Mechanical Design Process for the Zippy Wrist

Conference: ISR/ROBOTIK 2010 - ISR 2010 (41st International Symposium on Robotics) and ROBOTIK 2010 (6th German Conference on Robotics)
06/07/2010 - 06/09/2010 at Munich, Germany

Proceedings: ISR/ROBOTIK 2010

Pages: 8Language: englishTyp: PDF

Personal VDE Members are entitled to a 10% discount on this title

Mahpeykar, Navid; Enferadi, Javad; Akbarzadeh, Alireza (Ferdowsi University of Mashhad, M. E Department, Iran)

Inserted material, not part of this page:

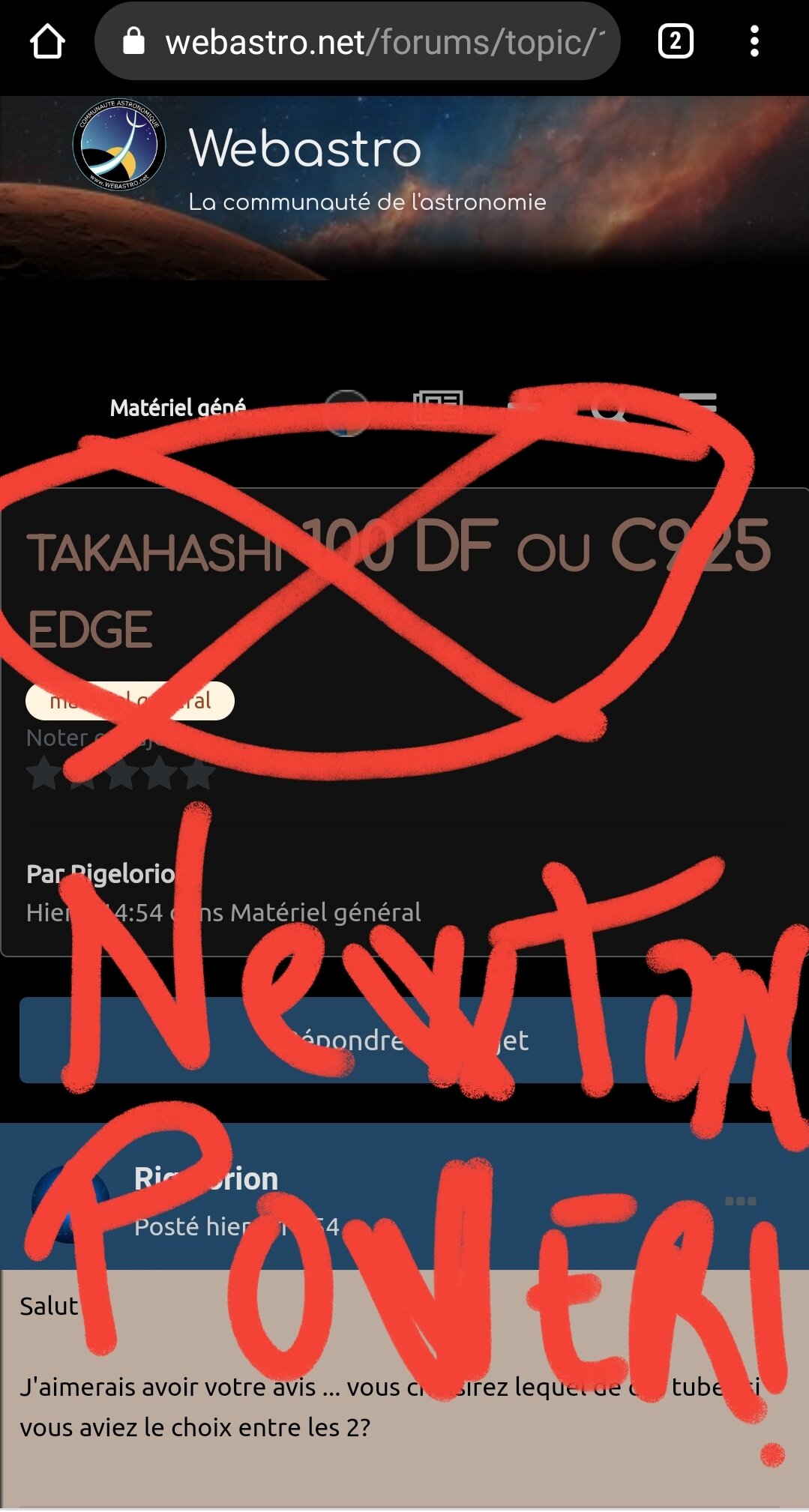 Vous pouvez répondre maintenant et vous inscrire plus tard. Si vous avez un compte, connectez-vous pour poster avec votre compte.

In this paper, the mechanical design process of a star spherical parallel robot that we call Zippy Wrist is illustrated. The Zippy Wrist is a 3-RRP spherical parallel manipulator and can perfonn many industrial applications such as, orienting a tool or a workpiece in machine tools, solar panels, space antennas and telescopic mechanisms, flight simulator mechanism and camera devices. The forward and inverse kinematics problem, isotropy design, singularity analysis, accuracy analysis, stiffness analysis, inverse and direct dynamic analysis of this manipulator have previously been investigated by Enferadi and Akbarzadeh and reported in four journals. Our goal was to build a laboratory version of the Zippy Wrist to test theoretical results and to perform additional dynamical and control testing. The selected mechanical design is based on the isotropic design because it is the superior design. The design results in a relatively large workspace, good accuracy and high stiffness. The mechanical design process consists of joints design, structural analysis of main components, geometry determination of components, material selection and safety issues. The controller allows PID control as well as running the system in torque mode. This allows us to directly input the calculated torque, from robot dynamic equations to motors. Structural analysis is performed by finite element models considering load capacity and other design goals. Dynamic and motion of the robot is simulated using hypothetical trajectories to obtain desired kinematic parameters such as speed and acceleration. The robot is assumed to carry an average load of 1kg, mostly due to carrying measurement tools such as accelerometer, laser tool or camera. All mechanical components are designed using commercial solid modelling software and manufacturing processes are briefly discussed.